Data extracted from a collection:

++++++++

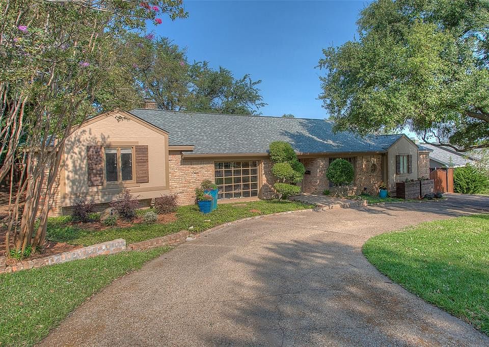 Updated split level home in Ridglea Hills steps away from Luther Lake! Circular drive and new landscaping welcome you to this lovely home. Numerous windows with Plantation shutters. Oversized lot with a sparkling, salt water pool and large backyard grass area. Three living areas. Formal living and dining. Den has vaulted ceilings, fireplace and wet bar. Separate breakfast room overlooking pool. Third living area is loft game room. Large, screened back porch 26x8- with ceiling fans. Huge master with 3 closets. Second and third bedrooms are large and share a hall bath. Fourth bedroom is split with updated bath and a Murphy bed. 2020-10-29
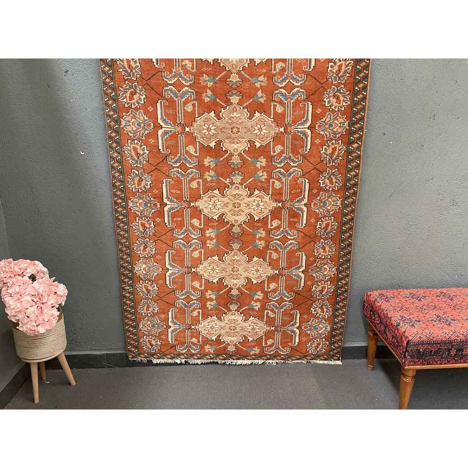 4x6.2 ft Vintage Rug, Rug, Red Polka dot Rug Wool
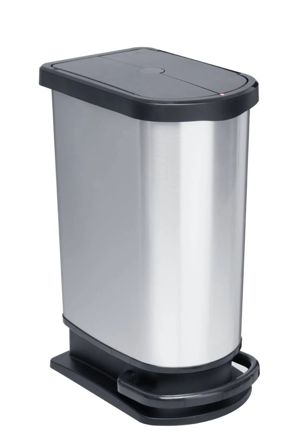 - Hands free operation pedal bin featuring a butterfly soft closing lid & integrated bad holder
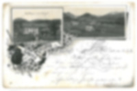 Postkarte Farbige Postkarte; Motiv: 3 Zeichnungen von Niedersonthofen; Briefmarke wurde entfernt; 2 Poststempel -
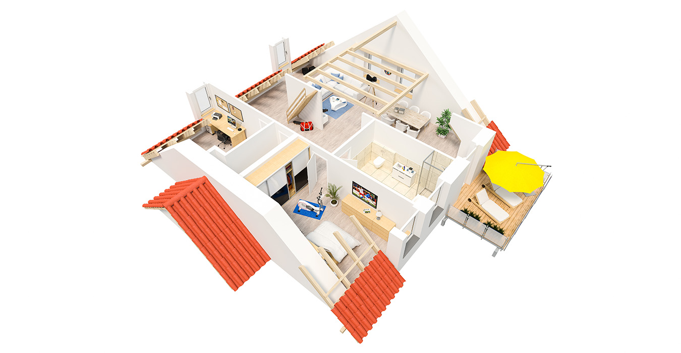 Diese fotorealistische Präsentation erleichtert die Arbeit von Architekten, Bauträgern oder Immobilienmaklern beim Verkauf eines Objektes und eignet sich für Exposé, Kataloge, Webseiten sowie soziale Medien.
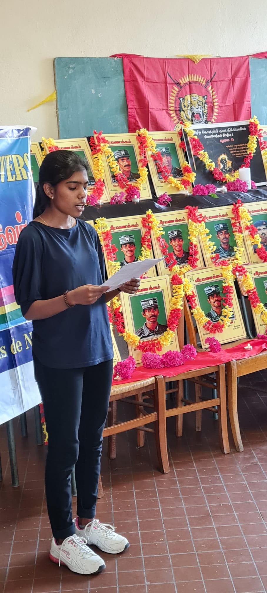 பின்னர் நெவர் பிராங்கோ தமிழ்ச்சங்க பரப்புரைப் பொறுப்பாளர் செல்வி திரேசா கரிசினி அவர்களால் முதற்கரும்புலியாக வீரகாவியமான கப்டன் மில்லரின் வீர வரலாறு கூறப்பட்டப்பட்டது.நெவர் தமிழ்ச் சோலை பள்ளி மாணவனால் ‘கரும்புலி’ எனும் தலைப்பில் கவிதை வடிக்கப்பட்டது.
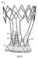 図28は、ポスト20の下方部においてアイレット22を排除するためのステント設計の他の変形を示す。弁尖フラップ62をポストに対して取り付けるための開口がない場合、弁尖フラップは、この下方部分の長さに沿って、並びに/あるいは拡張可能なステント部を取り囲むカフ材料を介して、共に縫合され得る。  FIG. 28 shows another variation of the stent design to eliminate the
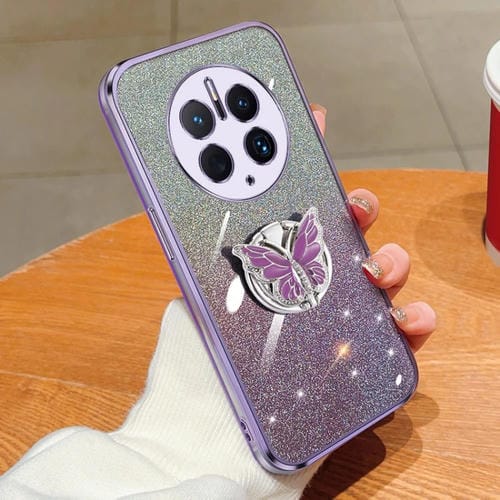 - 1x Funda para Huawei Mate 50 Pro TPU con Soporte de Mariposa y Brillo Degradado (Púrpura)
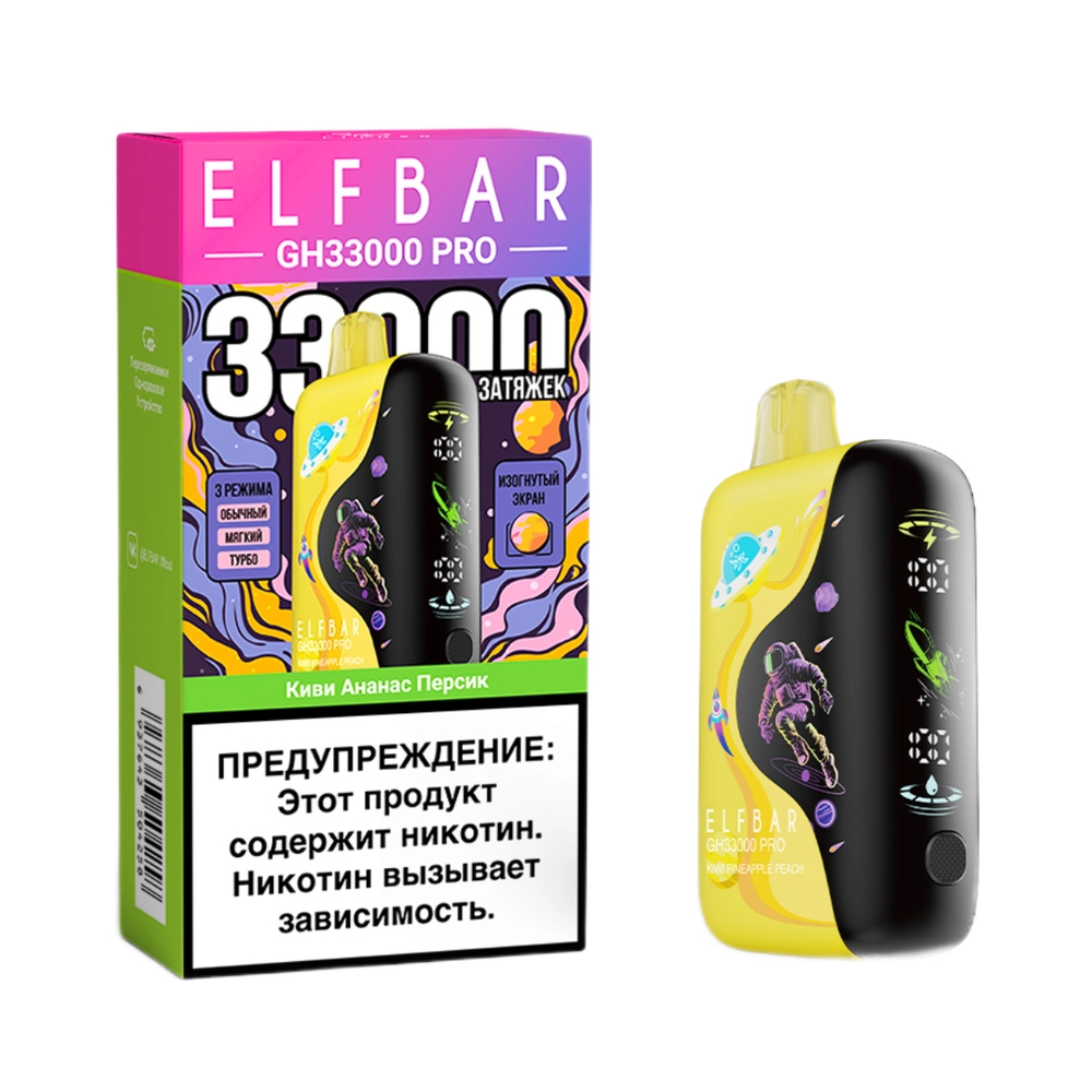 Купить одноразовую электронную сигарету ELFBAR GH33000 PRO Киви Ананас Персик вы можете в нашем интернет-магазине по доступной цене. Мы предлагаем быструю доставку по Санкт-Петербургу и всей России. Оформляйте заказ онлайн, и мы доставим его в кратчайшие сроки удобным для вас способом.В нашем каталоге представлены только оригинальные одноразовые электронные сигареты и жидкости для вейпа от проверенных производителей. Выберите идеальный вкус и наслаждайтесь комфортным и безопасным парением.
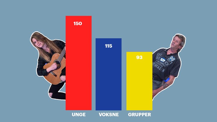 Sagt på en anden måde: En ung deltager kommer i gennemsnit gennem 6,25 afstemningsrunder, en voksen får lov at være med i 4,79 runder, mens en gruppe synger sig gennem 3,86 runder.
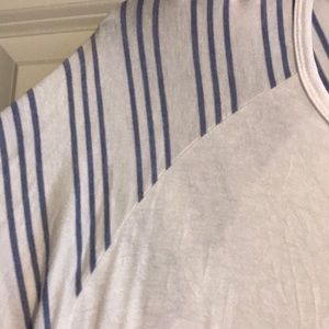 White body and blue striped sleeve
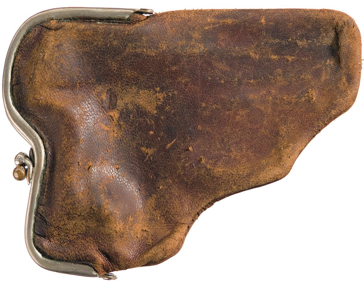 Manufactured in 1935, this pistol was subsequently custom embellished. The left side of the slide has the two line Hartford address/patent dates with the Rampant Colt behind the serrations and "COLT AUTOMATIC / CALIBRE 25" on the right side. Over 95% of the metal surfaces feature a floral scroll engraving on a punch dot background, with a checkered engraved pattern on the grip safety. The engraving is enhanced with gold inlaid borders on the flat surfaces of the slide. All blue finish, with ivory grips with Colt medallions at the tops. Complete with 2 extra unmarked blued magazines and a leather coin purse holster.
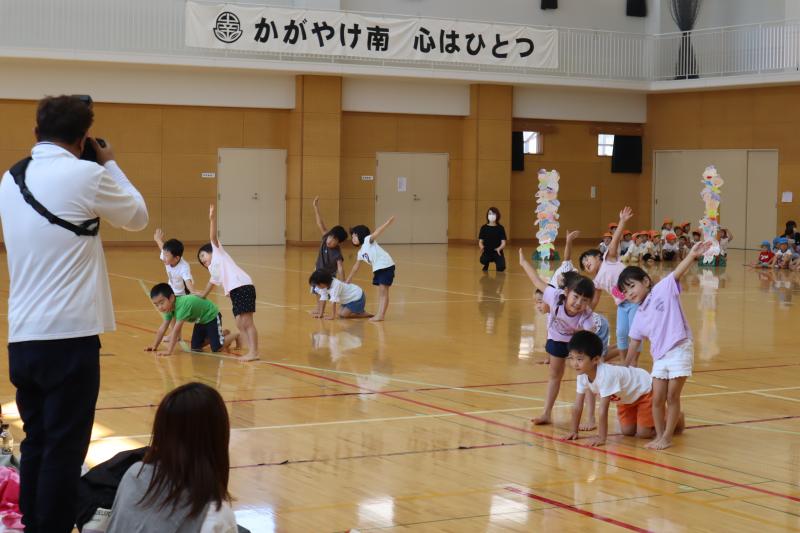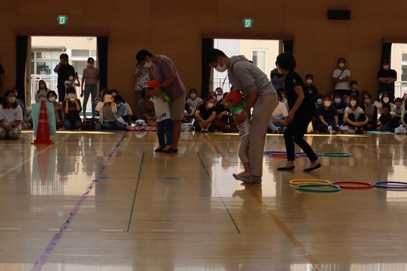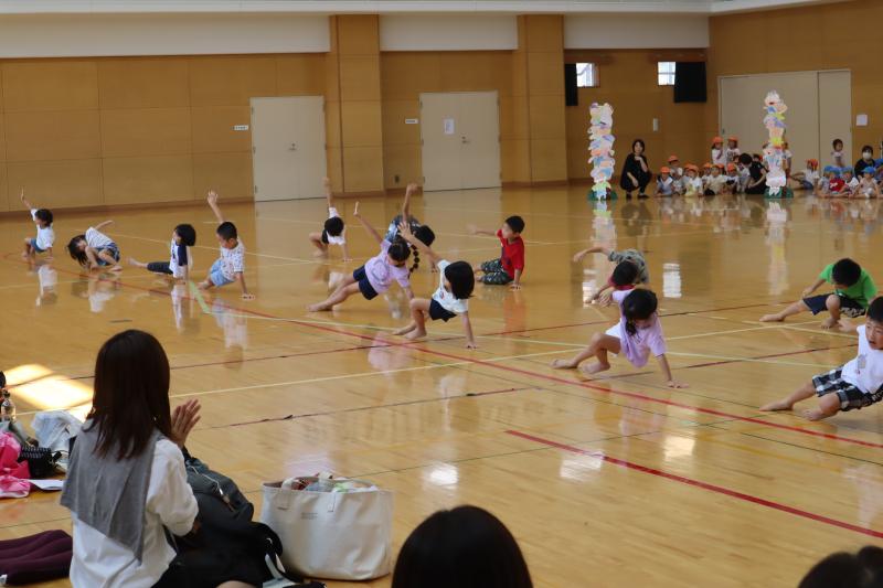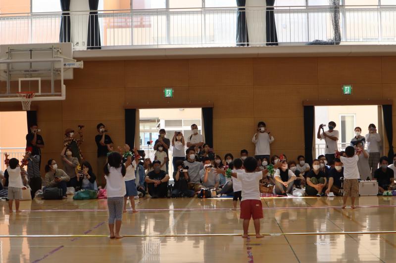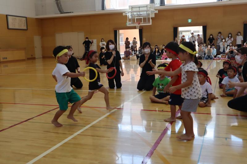 3歳児のリズム「ポポポポポーズ」では,隊形変化もしっかり覚えて可愛い

++++++++

▶ _PROMPT_
The reply should hold the entries above from the line with "Sagt på en anden" to the line with "White body and blue striped sleeve", duplicated exactly, pictures excluded.

▶ _TASK ANSWER_
 Sagt på en anden måde: En ung deltager kommer i gennemsnit gennem 6,25 afstemningsrunder, en voksen får lov at være med i 4,79 runder, mens en gruppe synger sig gennem 3,86 runder.
 White body and blue striped sleeve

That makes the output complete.